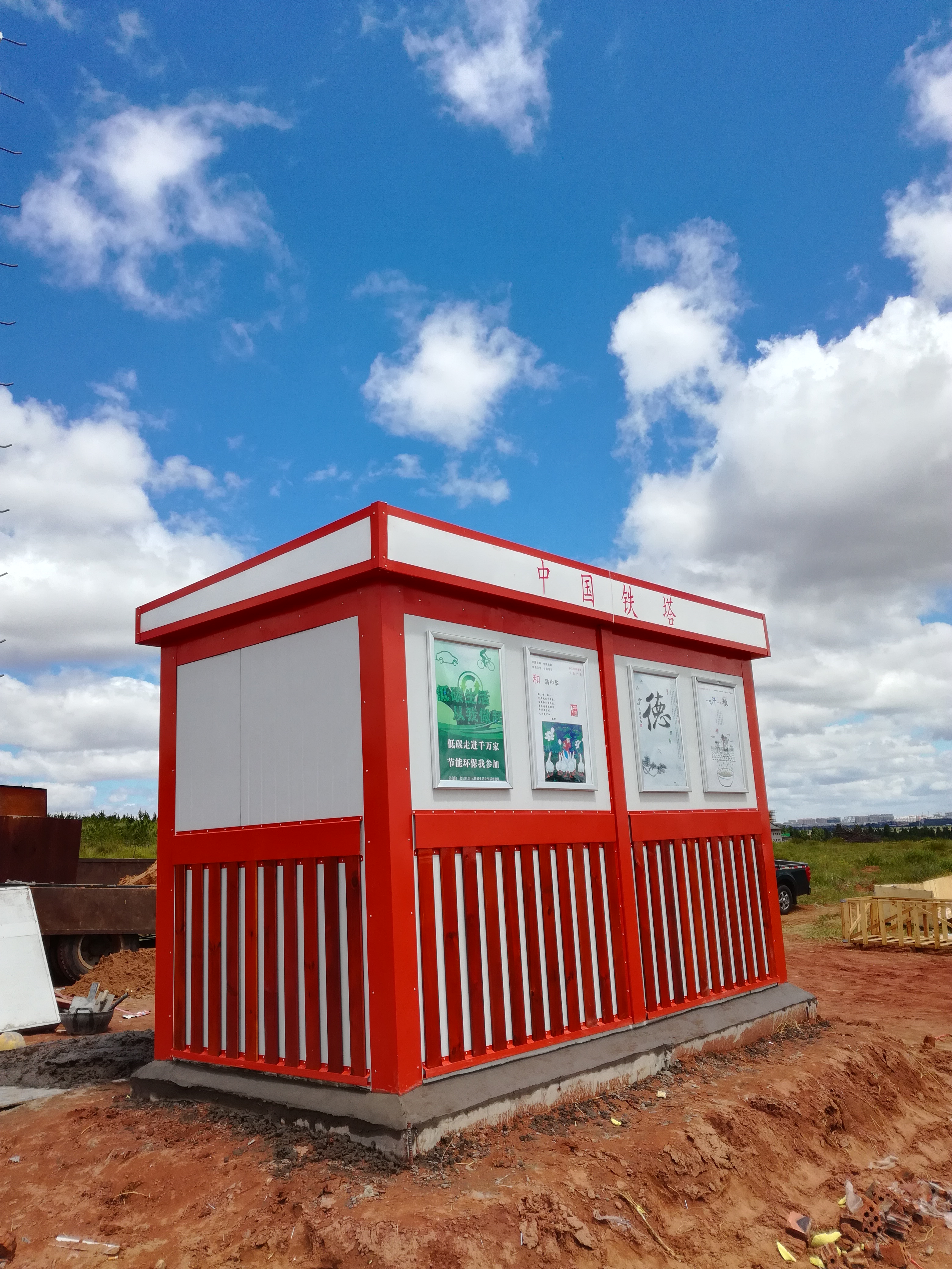 Decorative shelter, beautification on the basis of ordinary movable house, such as additional batten, ceramic tile, glazed tile and other d...
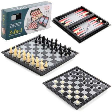 Набор для игры в шашки, шахматы и нарды. Магнитные шахматы разнообразят сюжетно-ролевые игры. Набор обладает компактными размерами, удобно брать с собой в дорогу. В комплект входят доска, набор черных и белых шахмат, 2 кубика, набор шашек.
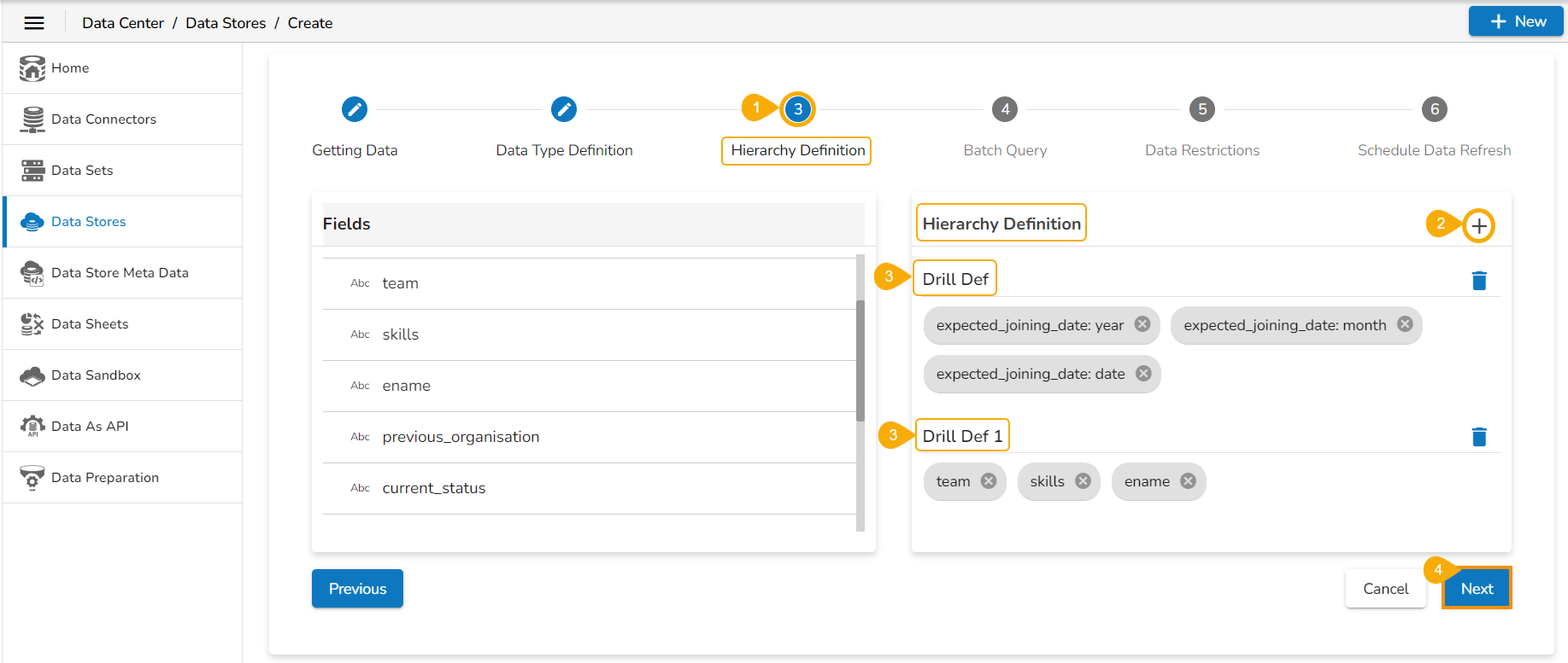 Users can define the data type using the selected data store. They can interchange the Dimensions, Measures, and Time fields by selecting the respective icons provided for these fields.
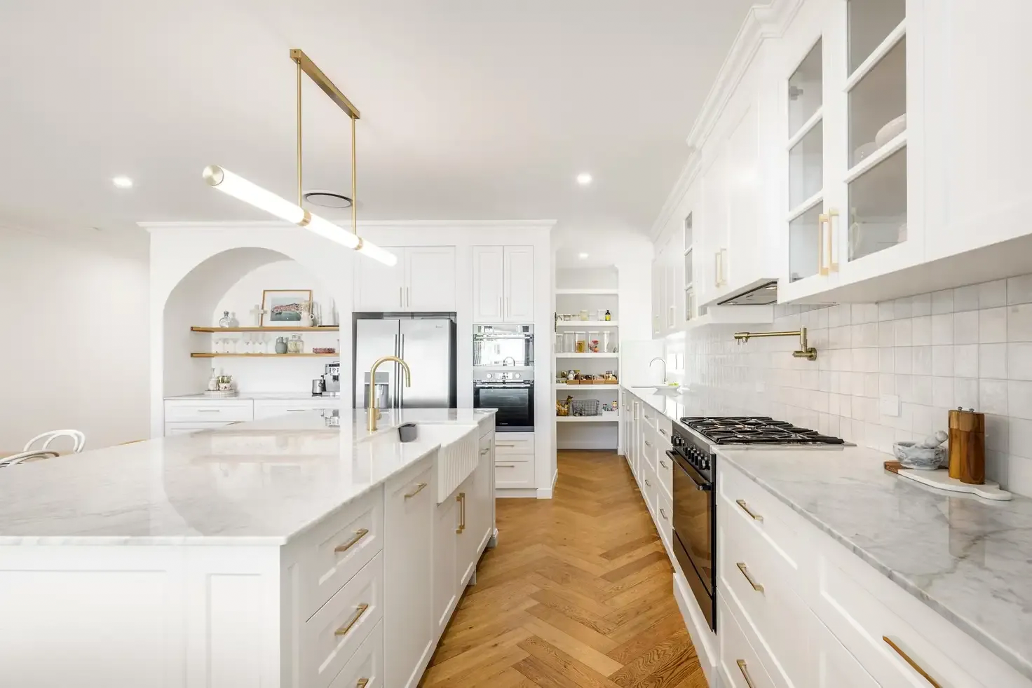 – Herringbone oak flooring, stone benchtops, ABI Interiors tapware
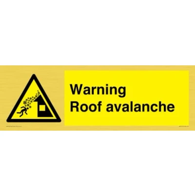 W040 : Roof avalanche This sign is made from vinyl gold sticker Gold metal effect sticker for flat, clean surfaces. Not for rough, plastic, or dusty surfaces. 41 landscape Sign Text: Warning Roof avalanche

————————

> **THE TASK**: Copy exactly what appears from the line holding "Набор для игры" to the end of the material, keeping both end lines. Pictures are not part of the copy.

> **SOLUTION BELOW**:
 Набор для игры в шашки, шахматы и нарды. Магнитные шахматы разнообразят сюжетно-ролевые игры. Набор обладает компактными размерами, удобно брать с собой в дорогу. В комплект входят доска, набор черных и белых шахмат, 2 кубика, набор шашек.
 Users can define the data type using the selected data store. They can interchange the Dimensions, Measures, and Time fields by selecting the respective icons provided for these fields.
 – Herringbone oak flooring, stone benchtops, ABI Interiors tapware
 W040 : Roof avalanche This sign is made from vinyl gold sticker Gold metal effect sticker for flat, clean surfaces. Not for rough, plastic, or dusty surfaces. 41 landscape Sign Text: Warning Roof avalanche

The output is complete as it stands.